Seattle-based Starbucks had harsh words for its hometown leaders. It accused the city of spending without accountability while ignoring that hundreds of children sleep outside.
"If they cannot provide a warm meal and safe bed to a 5-year-old child, no one believes they will be able to make housing affordable or address opiate addiction," Starbucks' John Kelly said in a statement.
But worker and church groups and others cheered the tax as a step toward building badly needed affordable housing in an affluent city where the income gap continues to widen and lower-income workers are being priced out.
"People are dying on the doorsteps of prosperity. This is the richest city in the state and in a state that has the most regressive tax system in the country," said council member Teresa Mosqueda, who wanted a larger tax but called the compromise plan "a down payment" to build housing the city needs.

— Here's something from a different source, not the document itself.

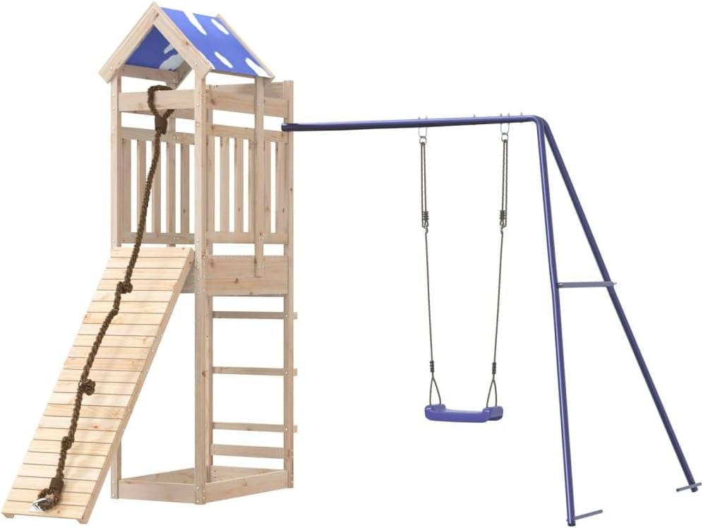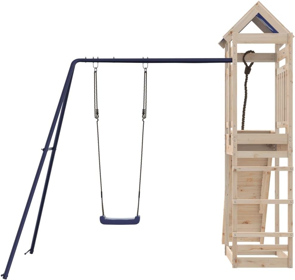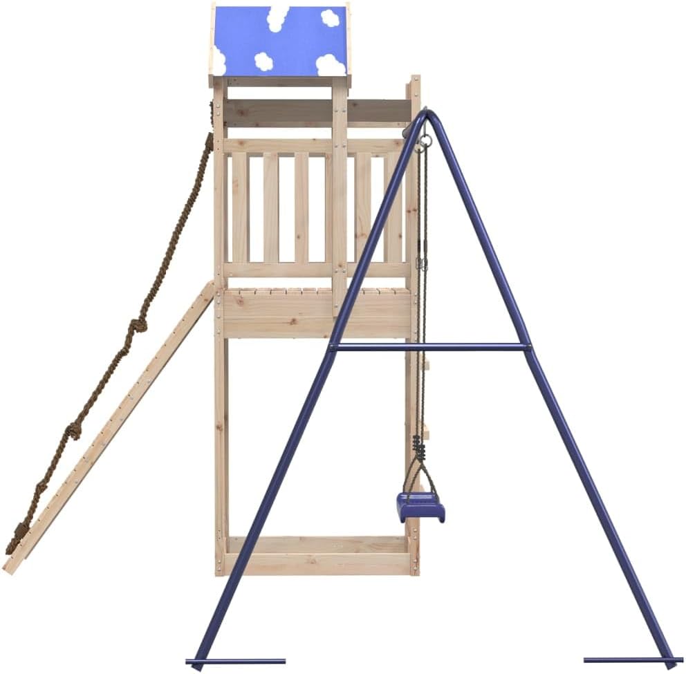 Materiale durevole: Questo parco giochi da giardino è realizzato in legno massello di pino. Il legno massello di pino è noto per la sua resistenza e durata. Le sue venature dritte e i suoi nodi caratteristici contribuiscono al suo fascino rustico. Telaio robusto in legno: La struttura in legno della casetta da giardino garantisce robustezza e stabilità. Inoltre, le gambe a forma di "A" dell'altalena per Bam bini consentono l'equilibrio.

For Seattle's liberal City Council, the discussion Monday centered not so much on whether there should be a head tax but rather on how big it should be. Four bill sponsors initially pitched a tax of $500 per full-time employee per year, but a compromise proposal emerged over weekend after they couldn't muster the six votes needed to override a potential veto by Mayor Jenny Durkan.
Council member Lisa Herbold, a bill sponsor, said that the revenue won't be enough to fully address the problem given the city's dire needs and human suffering, but the bill was "the strongest proposal" that could withstand the veto threat.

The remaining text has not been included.